Wer einmal eine Torte warf, dem traut man nicht. Vor allem, wenn die Feierlichkeiten zum Tag der Deutschen Einheit anstehen. Das bekam die Stuttgarter Gewerkschafterin Ariane R. (30) zu spüren. Am Morgen des 3. Oktober wurde sie vorsorglich in "Unterbindungsgewahrsam" genommen. Sie soll am Vorabend eine DDR-Ausstellung überfallen und Ausstellungstafeln geraubt haben.

 

Ihre Schwarzwälder Kirschtorte ist berühmt.

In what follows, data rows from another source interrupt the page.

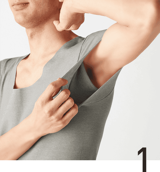 脇部分には大きめの汗取りパッド付き。汗をしっかりキャッチして汗ジミを防いでくれます。夏場はもちろん、うっかり汗ばむ冬の暖房下にも。
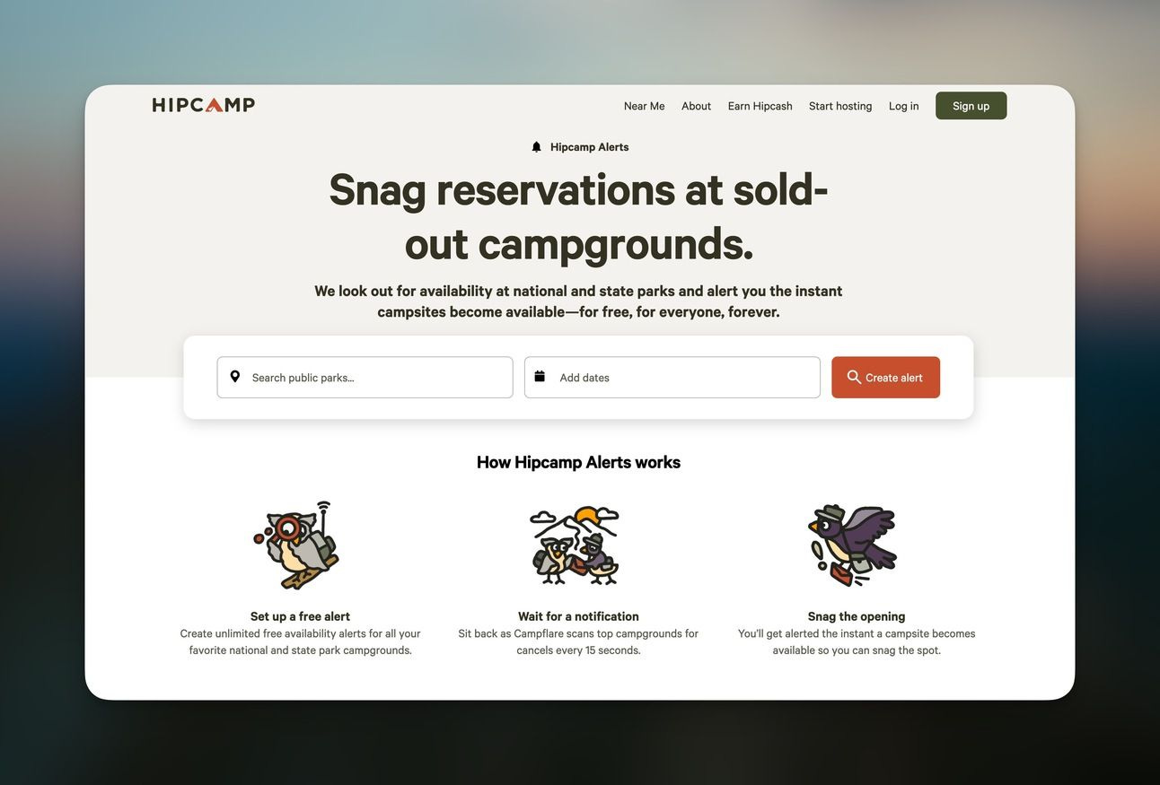 I’ve previously written about complicated world of campsite “bots” and campsite availability notifiers. Last week, Hipcamp launched Hipcamp Alerts, a service in partnership with Campflare, to provide campsite availability notifications for free.
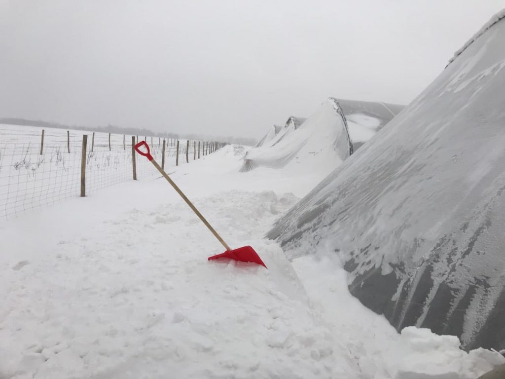 Man könnte ja meinen, GärtnerInnen hätten bei diesem Wetter mal frei! Aber wenn es dann so sehr zuschlägt, muss man aufpassen, dass die Folientunnel der Sache standhalten – und natürlich retten was zu retten ist: Die Wintersalate wurden am Sonntag noch schnell aus den Tunneln geerntet, bevor auch dort die Temperaturen ins Eisige rutschten. Danke an Johanna, Konrad, Jan-Felix & co. für den Einsatz.
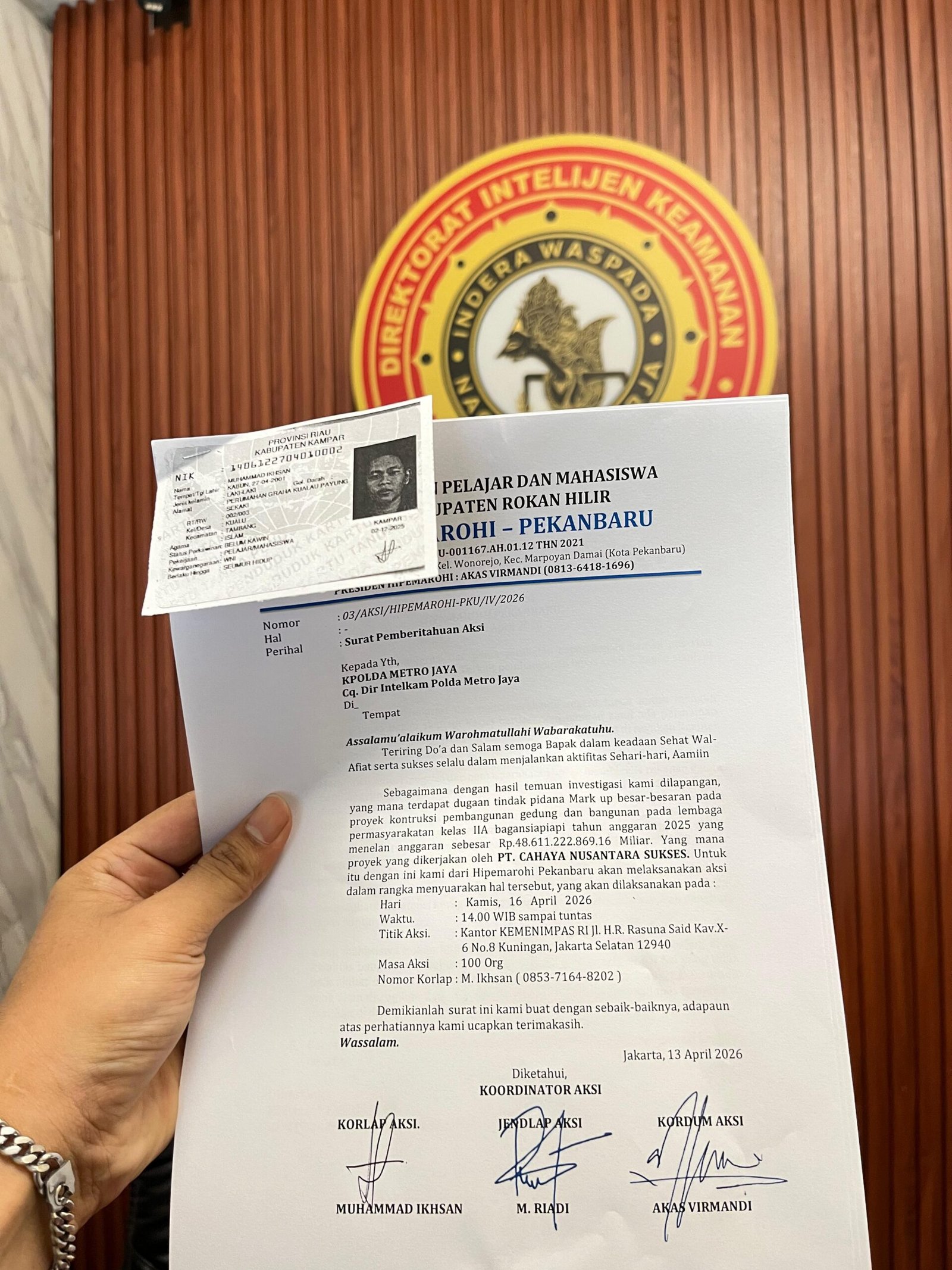 Menurut Akas, surat pemberitahuan aksi di kantor Kemeninpas telah disampaikan kepada Dit intelkam Polda Metro Jaya beberapa hari lalu dan aksi akan digelar pada Kamis 16 April 2026 mendatang. “Aksi digelar di kantor Kemeninpas sebagai bentuk sikap kritis terhadap pembangunan lapas Bagansiapiapi yang diduga asal jadi. Proses pembangunan semacam ini tentunya sangat membahayakan kualitas bangunan tersebut jika terjadi sesuatu yang tidak diinginkan akibat mutu bangunan yang kami ragukan, tentu masyarakat Rohil yang jadi korban karena warga binaan lapas tersebut didominasi warga Rohil,” ujar Akas.
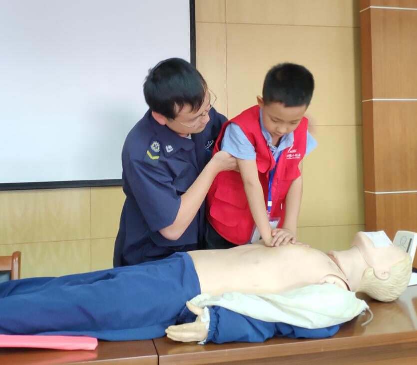 医生为大家仔细讲解了心肺复苏术(CPR)的正确步骤及方法,小记者们积极踊跃地参与操作练习,仔细学习每一个步骤!

Nicht, weil sie so gut schmeckt, sondern weil sie Günther Oettinger traf, just in dem Moment, als der damalige Ministerpräsident 2007 im Haus der Wirtschaft zu seiner Rede zum zehnjährigen Jubiläum der Gesellschaft pro Arbeit ansetzte. Die seinerzeit 24-jährige Studentin Ariane R. wollte mit ihrer Aktion gegen die Politik der Ein-Euro-Jobs protestieren und auf die ungerechte Verteilung des Reichtums aufmerksam machen. Der Redner blieb unverletzt und nur leicht bekleckert, weil er den Wurf geschickt abgewehrt hatte. Seine Personenschützer überwältigten die Tortenwerferin, Oettinger verzichtete auf einen Strafantrag, die Staatsanwaltschaft sah kein öffentliches Interesse an einer Strafverfolgung. Warum also über die Torte reden? Weil sie womöglich heute noch eine Rolle spielt.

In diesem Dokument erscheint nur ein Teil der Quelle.